* Re: [PATCH v7 00/15] mm/mglru: improve reclaim loop and dirty folio handling
[not found] <20260428-mglru-reclaim-v7-0-02fabb92dc43@tencent.com>
@ 2026-05-11 18:51 ` Shakeel Butt
0 siblings, 0 replies; only message in thread
From: Shakeel Butt @ 2026-05-11 18:51 UTC (permalink / raw)
To: kasong
Cc: linux-mm, Andrew Morton, Axel Rasmussen, Yuanchu Xie, Wei Xu,
Johannes Weiner, David Hildenbrand, Michal Hocko, Lorenzo Stoakes,
Barry Song, David Stevens, Chen Ridong, Leno Hou, Yafang Shao,
Yu Zhao, Zicheng Wang, Baolin Wang, Kalesh Singh,
Suren Baghdasaryan, Chris Li, Vernon Yang, linux-kernel,
Kairui Song, Qi Zheng
Hi Kairui,
On Tue, Apr 28, 2026 at 02:06:51AM +0800, Kairui Song via B4 Relay wrote:
> From: Kairui Song <kasong@tencent.com>
>
> This series cleans up and slightly improves MGLRU's reclaim loop and
> dirty writeback handling.
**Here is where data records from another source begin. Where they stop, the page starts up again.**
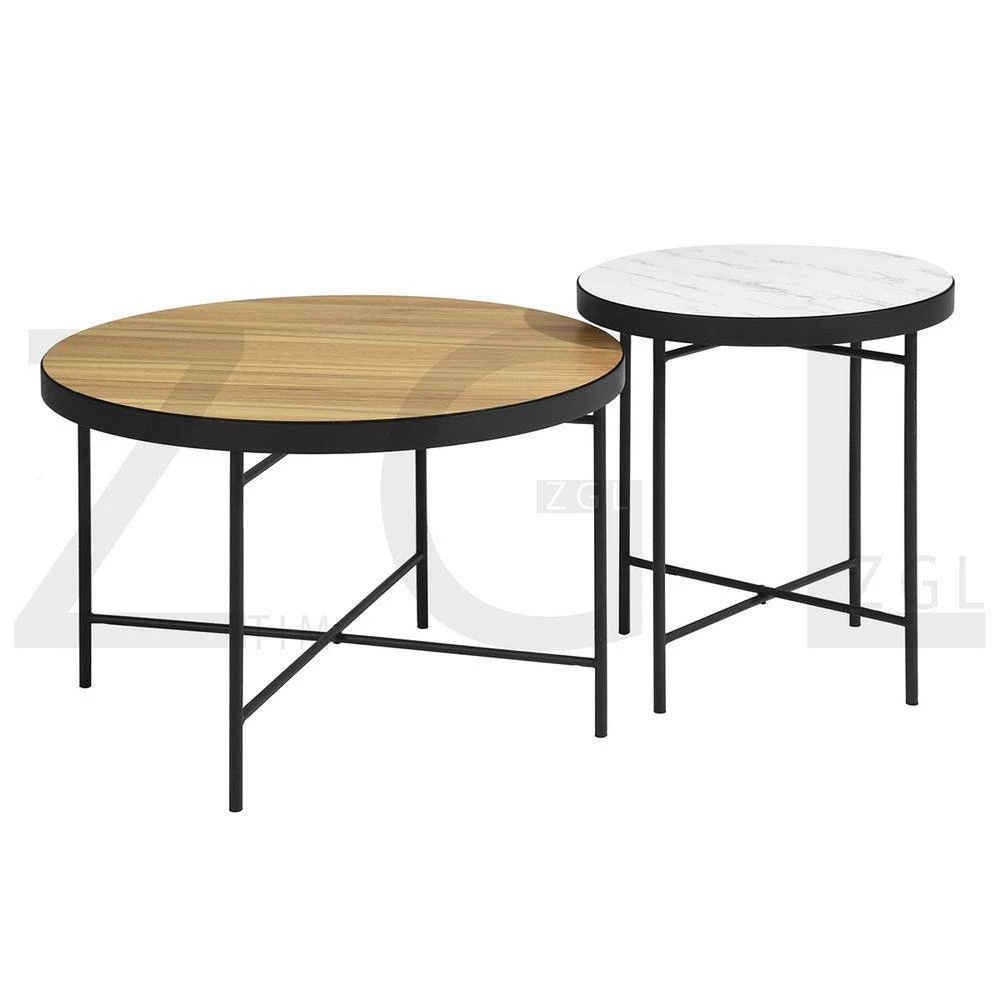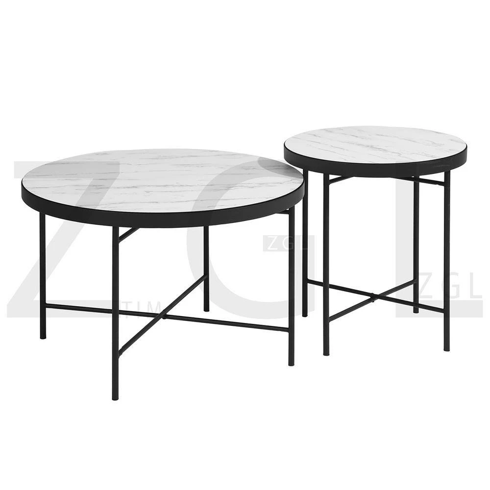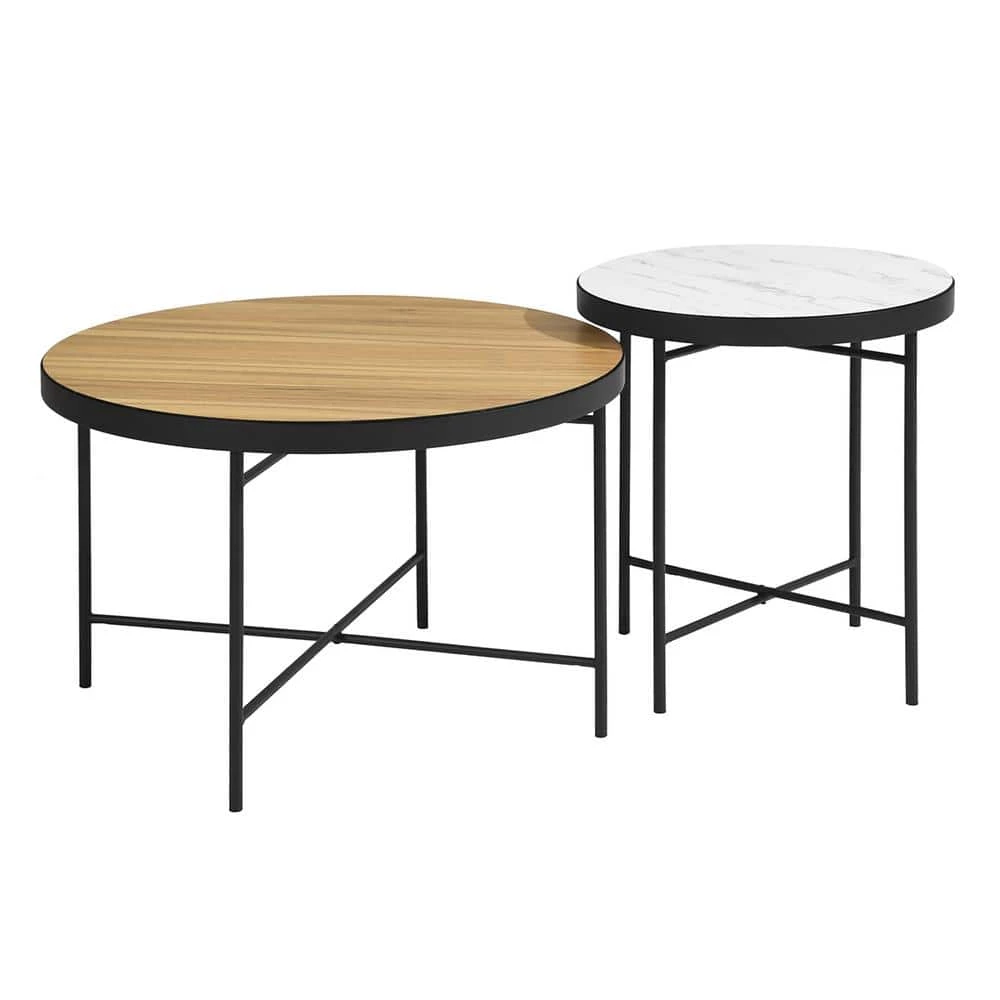 Anchor your living room look with space to stage glossy magazines and potted succulents with this two-piece coffee table set. This set features two pieces, offering the same look in two different sizes. Founded atop an x-shape base with four legs. Each tabletop showcases a manufactured wood insert and a circular silhouette, an elegant contrast.
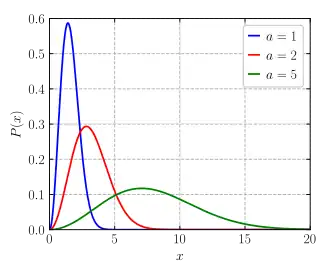 This probability density function gives the probability, per unit speed, of finding the particle with a speed near v. This equation is simply the Maxwell–Boltzmann distribution (given in the infobox) with distribution parameter The Maxwell–Boltzmann distribution is equivalent to the chi distribution with three degrees of freedom and scale parameter
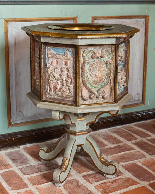 De genkendelige motiver på døbefonten er Noas Ark, Fremstillingen i Templet og Jesu Dåb.
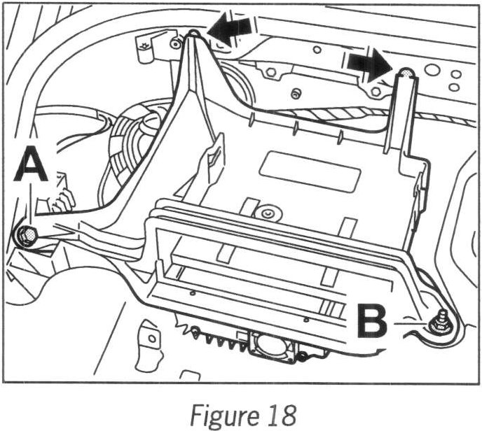 8.2.2 Press in combination holder for amplifier/navigation unit (997.645.351.00) with the two fastening parts --> Figure 18 -arrows- on the body and tighten screw (900.378.179.09) --> Figure 18 -A- and nut (900.377.018.09) --> Figure 18 -B-.
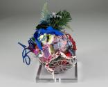 Physical DescriptionPhysical DescriptionLarge red ball holiday ornament decorated with an assortment of materials, including artificial pine garlands, a clay figurine wearing a Carnival mask and outfit, glitter spirals, ribbon, feathers, and stickers, all presenting a Mardi Gras / Carnival theme. Images of the French Quarter in New Orleans, Louisiana are adhered to the ball. There is a blue ribbon attached to the top.
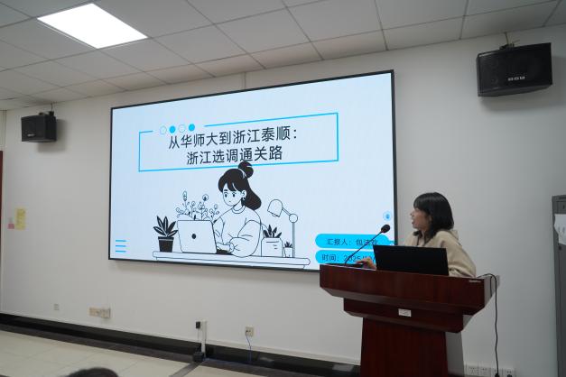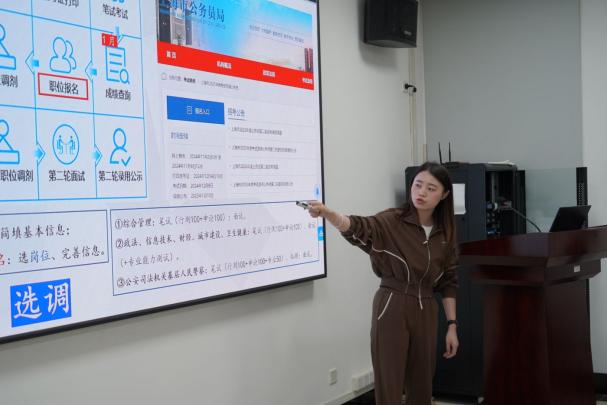 第一位分享嘉宾包洁欢现就职于浙江省泰顺县委组织部组织科。她从职业选择动机切入,结合经济活力、职业发展和相关政策三个方面,深入分析了选调生的独特优势。她系统梳理了报考的关键时间节点,并聚焦笔试与面试环节,详细讲解了申论的答题结构与结构化面试技巧,更从考官视角分享了面试中的加分细节与常见误区。最后,她通过分享亲身经历的基层工作故事,让同学们对选调生的职责与使命有了更为深刻的认识。

As a result, we can see an up to ~30% increase
> in some workloads like MongoDB with YCSB and a huge decrease in file
> refault, no swap involved. Other common benchmarks have no regression,
> and LOC is reduced, with less unexpected OOM, too.
>
> Some of the problems were found in our production environment, and
> others were mostly exposed while stress testing during the development
> of the LSM/MM/BPF topic on improving MGLRU [1]. This series cleans up
> the code base and fixes several performance issues, preparing for
> further work.
>
> MGLRU's reclaim loop is a bit complex, and hence these problems are
> somehow related to each other. The aging, scan number calculation, and
> reclaim loop are coupled together, and the dirty folio handling logic is
> quite different, making the reclaim loop hard to follow and the dirty
> flush ineffective.
>
> This series slightly cleans up and improves these issues using a scan
> budget by calculating the number of folios to scan at the beginning of
> the loop, and decouples aging from the reclaim calculation helpers.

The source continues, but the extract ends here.